- _Assignment_: Return the whole listing, line for line, without the pictures in it.

******************************

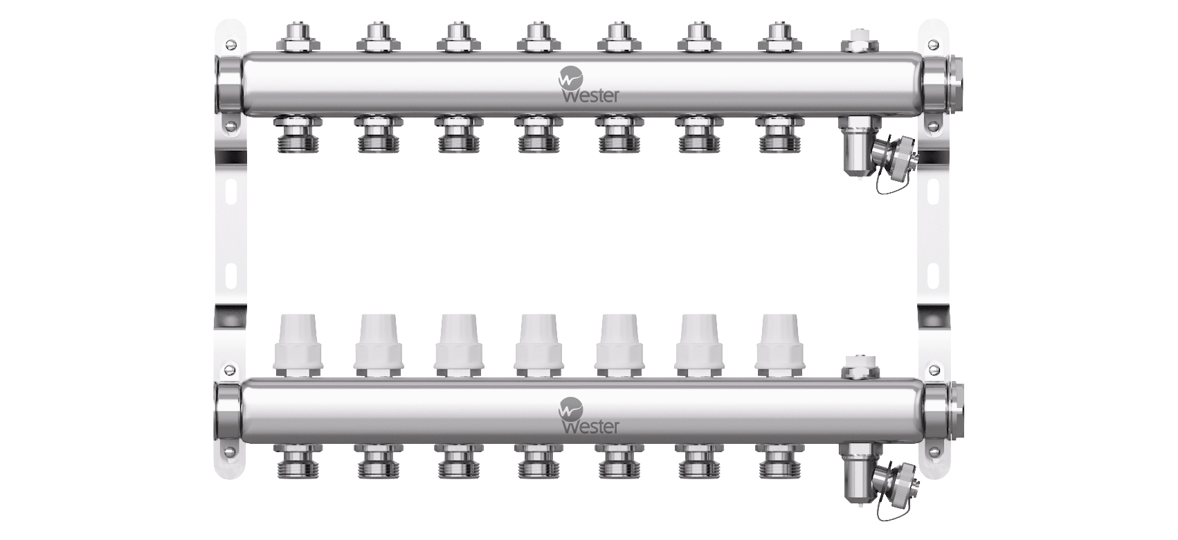 Коллектор нерж.Wester 1"-3/4 в сборе на 7 выходов с 2 заглушками
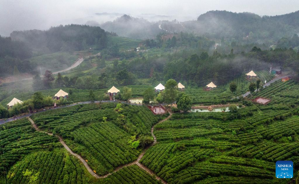 Aerial photo taken on Sept. 8, 2022 shows a tea garden in Ningqiang County, northwest China's Shaanxi Province. As the headwater region of the Hanjiang River, the largest tributary of the Yangtze River, Ningqiang County has closed ten mines and promoted a series of ecological protection projects for environmental protection in recent years. The county has also promoted the production of agricultural products including tea, fruits, vegetables, etc., managing and transforming ecological resources to green economy. (Xinhua/Tao Ming)
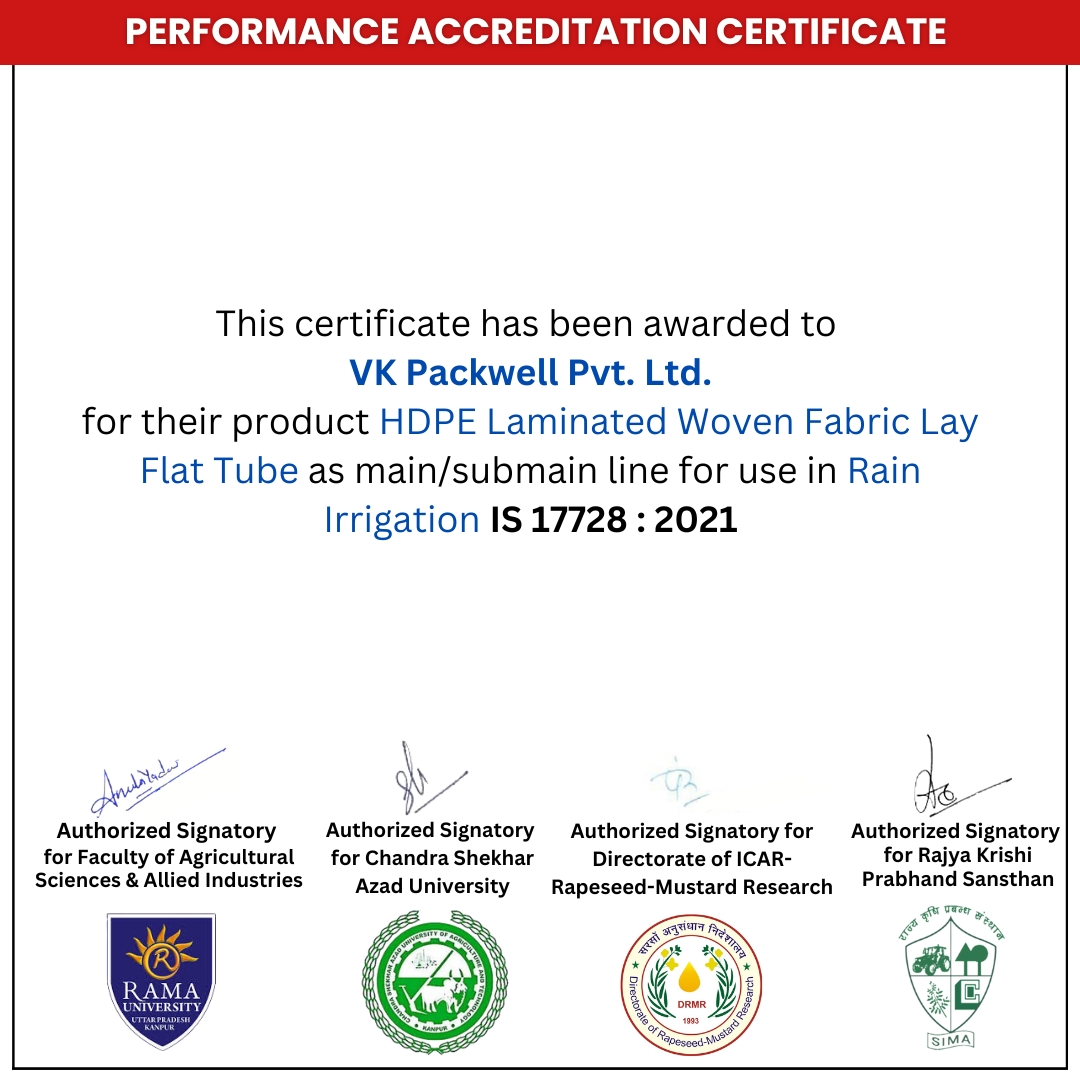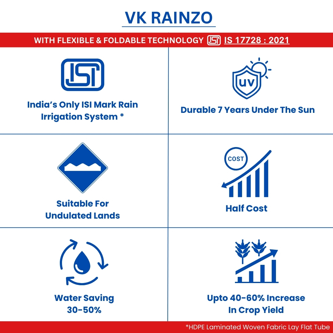 V.K. Rain Pipe irrigation method is a substitute for sprinkler irrigation which sprays the same quality of water to crops. It is made of HDPE fabric (High-Density Polyethylene ). V.K. Rain Pipe has zig-zag & randomly punched holes by laser system which results in the best water sprouts performance in this category. No clogging problem arises in V.K. Rain Pipe. It has more life than any other ordinary rain pipe. V.K. Rain Pipe is very easy to assemble and reallocate. It helps to reduce the consumption of energy and water by more than 50 percent. With the help of appropriate water pressure, V.K. Rain Pipe can spray up to 10 to 15 feet on both sides. To perform best, V.K. Rain Pipe required 2 kg. water pressure. It is very durable, easy to carry around and flexible products for farmers.
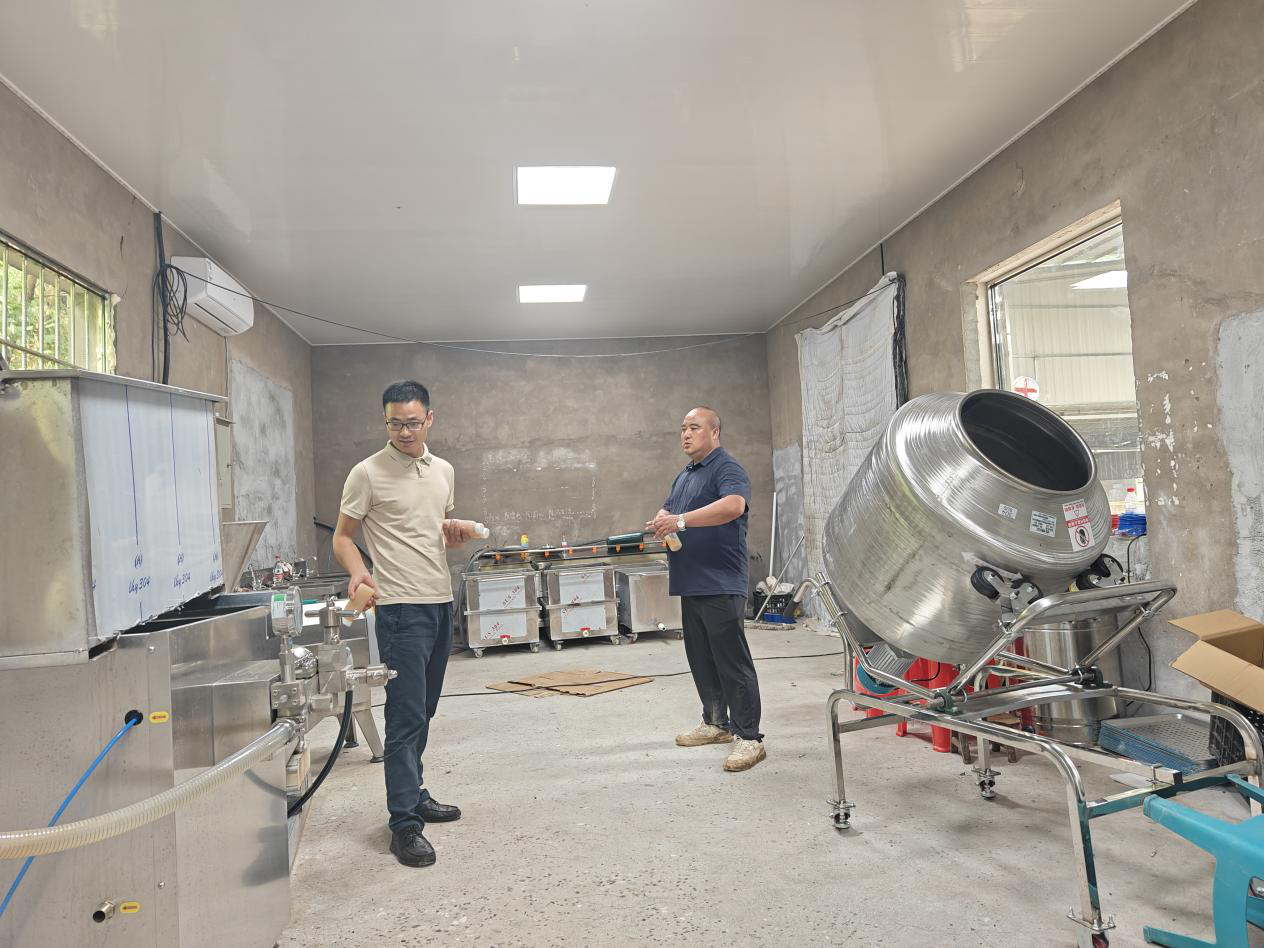 9月10日当天,在先锋村驻村第一书记潘翠萍、平昌县绿怡园农业发展有限公司负责人罗东明的共同陪同下,李可先后深入澌岸镇桃特色产业园区、桃精深加工工厂开展实地参观调研。调研过程中,罗东明详细介绍了当地桃产业的发展现状,同时重点说明了精深加工厂房的建设进度、设备采购规划及当前遇到的技术瓶颈。针对企业面临的实际难题,李可在实地查看生产线布局、设备安装情况后,从设备选型、厂房布局规划等方面专业角度给出了专业指导,同时,对罗东明重点关注的桃加工产品灭菌不彻底、储存过程中易变色等核心问题,李可从灭菌方式、抗氧化剂合理添加等方面进行讲解,决了困扰企业许久的技术难题,为企业顺利推进精深加工项目吃下 “定心丸”。在助力企业发展的同时,李可还与驻村第一书记潘翠萍围绕驻村帮扶工作开展探讨。围绕潘翠萍希望依托当地丰富的金银花资源,通过发展精深加工产业拓宽村民增收渠道的需求。李可向潘翠萍介绍了目前团队在金银花精深加工方面的工作进展,并表示将持续发挥团队力量,为先锋村金银花加工提供技术支持,推动形成 “种植 + 加工 + 销售” 的完整产业链,助力乡村产业振兴与村民稳定增收。
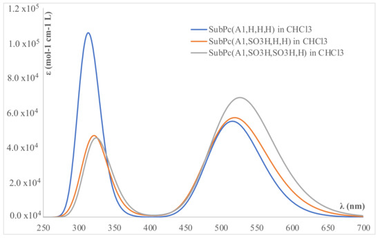 Calculated UV–visible spectra for SubPc(A1,R1,R2,R3) with R1 = R2 = R3 = H; R1 = SO2H, R2 = R3 = H; R1 = R2 = SO2H, R3 = H, dissolved in CHCl3.
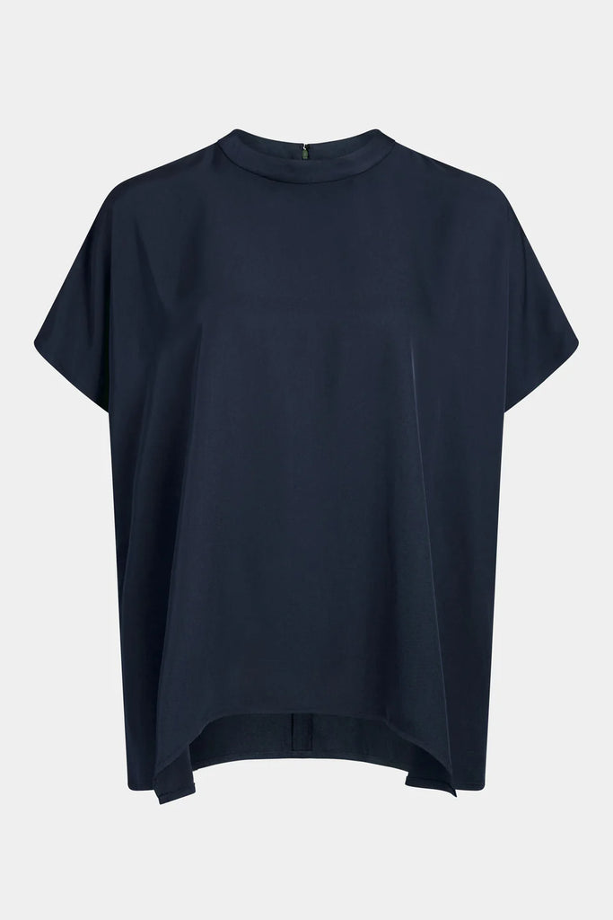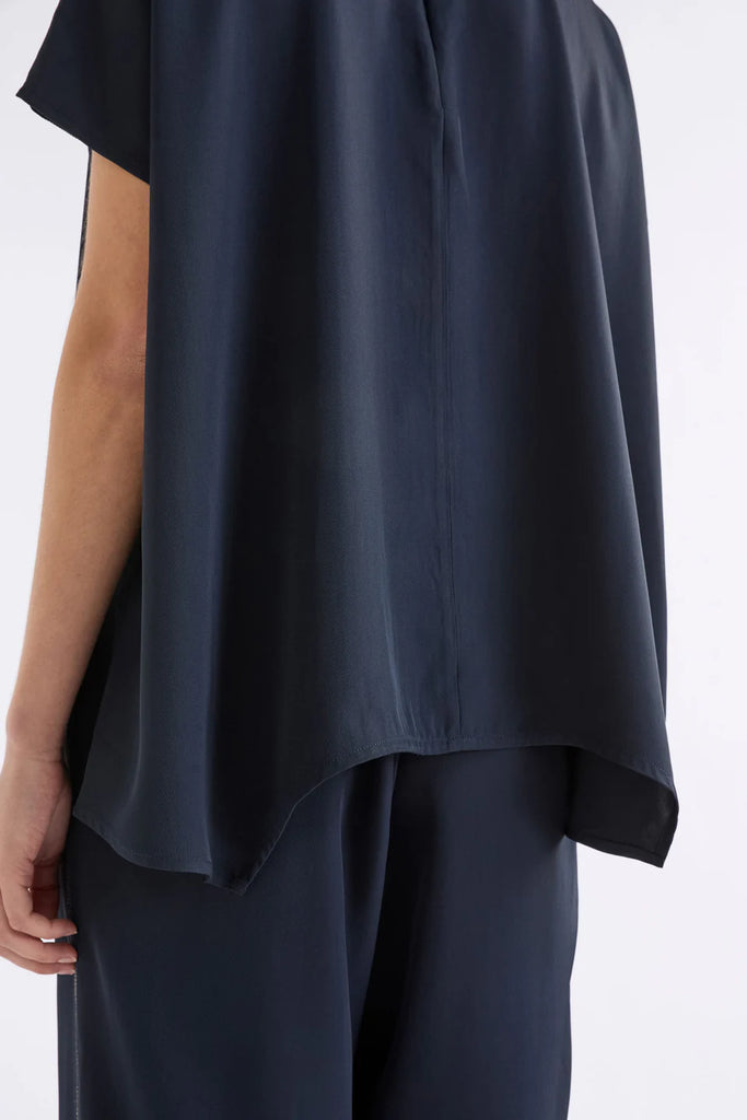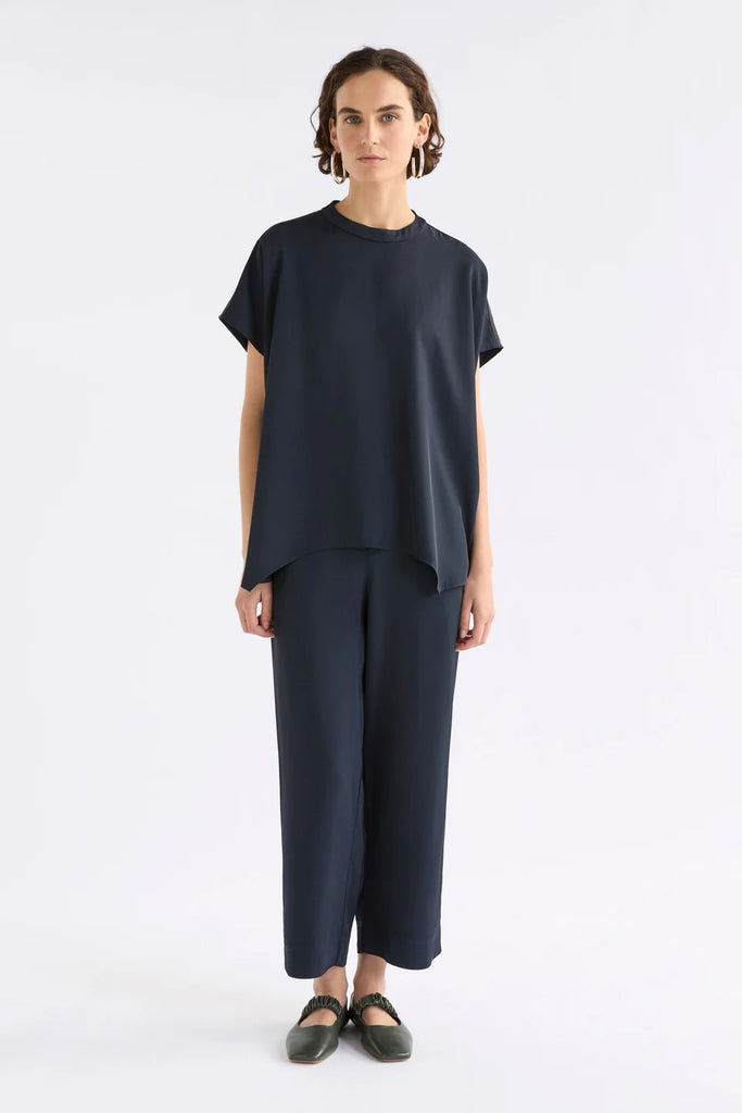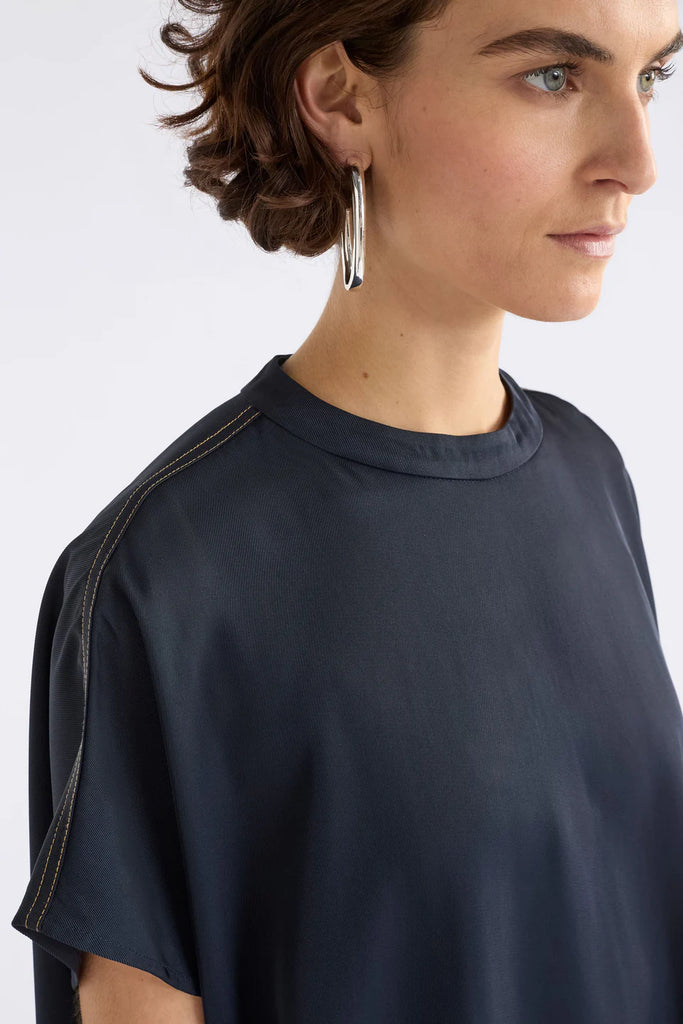 ELKThe Hullu Top encapsules relaxed sophistication with its easy, loose silhouette combined with its high, round neckline and contrast topstitch detailing that adds structure and definition to this modern shape. Crafted from a luxuriously, fluid NAIA™ acetate that offers a cool, structured, silk-like softness, subtle sheen and excellent drape and breathability. Featuring a subtle high-low, handkerchief hemline and short batwing sleeves, this piece looks great with the matching Hullu Pant or the Slinki Skirt for day-to-evening ensembles
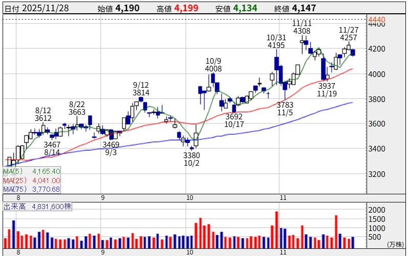 11月は4日に52,636円を付けたのをピークにズルズルと下げました。ようやく11月の最終週に入って反発、月末には50,253円となんとか50,000円奪還したところです。

******************************

- _Exercise response_:
 Коллектор нерж.Wester 1"-3/4 в сборе на 7 выходов с 2 заглушками
 Aerial photo taken on Sept. 8, 2022 shows a tea garden in Ningqiang County, northwest China's Shaanxi Province. As the headwater region of the Hanjiang River, the largest tributary of the Yangtze River, Ningqiang County has closed ten mines and promoted a series of ecological protection projects for environmental protection in recent years. The county has also promoted the production of agricultural products including tea, fruits, vegetables, etc., managing and transforming ecological resources to green economy. (Xinhua/Tao Ming)
 V.K. Rain Pipe irrigation method is a substitute for sprinkler irrigation which sprays the same quality of water to crops. It is made of HDPE fabric (High-Density Polyethylene ). V.K. Rain Pipe has zig-zag & randomly punched holes by laser system which results in the best water sprouts performance in this category. No clogging problem arises in V.K. Rain Pipe. It has more life than any other ordinary rain pipe. V.K. Rain Pipe is very easy to assemble and reallocate. It helps to reduce the consumption of energy and water by more than 50 percent. With the help of appropriate water pressure, V.K. Rain Pipe can spray up to 10 to 15 feet on both sides. To perform best, V.K. Rain Pipe required 2 kg. water pressure. It is very durable, easy to carry around and flexible products for farmers.
 9月10日当天,在先锋村驻村第一书记潘翠萍、平昌县绿怡园农业发展有限公司负责人罗东明的共同陪同下,李可先后深入澌岸镇桃特色产业园区、桃精深加工工厂开展实地参观调研。调研过程中,罗东明详细介绍了当地桃产业的发展现状,同时重点说明了精深加工厂房的建设进度、设备采购规划及当前遇到的技术瓶颈。针对企业面临的实际难题,李可在实地查看生产线布局、设备安装情况后,从设备选型、厂房布局规划等方面专业角度给出了专业指导,同时,对罗东明重点关注的桃加工产品灭菌不彻底、储存过程中易变色等核心问题,李可从灭菌方式、抗氧化剂合理添加等方面进行讲解,决了困扰企业许久的技术难题,为企业顺利推进精深加工项目吃下 “定心丸”。在助力企业发展的同时,李可还与驻村第一书记潘翠萍围绕驻村帮扶工作开展探讨。围绕潘翠萍希望依托当地丰富的金银花资源,通过发展精深加工产业拓宽村民增收渠道的需求。李可向潘翠萍介绍了目前团队在金银花精深加工方面的工作进展,并表示将持续发挥团队力量,为先锋村金银花加工提供技术支持,推动形成 “种植 + 加工 + 销售” 的完整产业链,助力乡村产业振兴与村民稳定增收。
 Calculated UV–visible spectra for SubPc(A1,R1,R2,R3) with R1 = R2 = R3 = H; R1 = SO2H, R2 = R3 = H; R1 = R2 = SO2H, R3 = H, dissolved in CHCl3.
 ELKThe Hullu Top encapsules relaxed sophistication with its easy, loose silhouette combined with its high, round neckline and contrast topstitch detailing that adds structure and definition to this modern shape. Crafted from a luxuriously, fluid NAIA™ acetate that offers a cool, structured, silk-like softness, subtle sheen and excellent drape and breathability. Featuring a subtle high-low, handkerchief hemline and short batwing sleeves, this piece looks great with the matching Hullu Pant or the Slinki Skirt for day-to-evening ensembles
 11月は4日に52,636円を付けたのをピークにズルズルと下げました。ようやく11月の最終週に入って反発、月末には50,253円となんとか50,000円奪還したところです。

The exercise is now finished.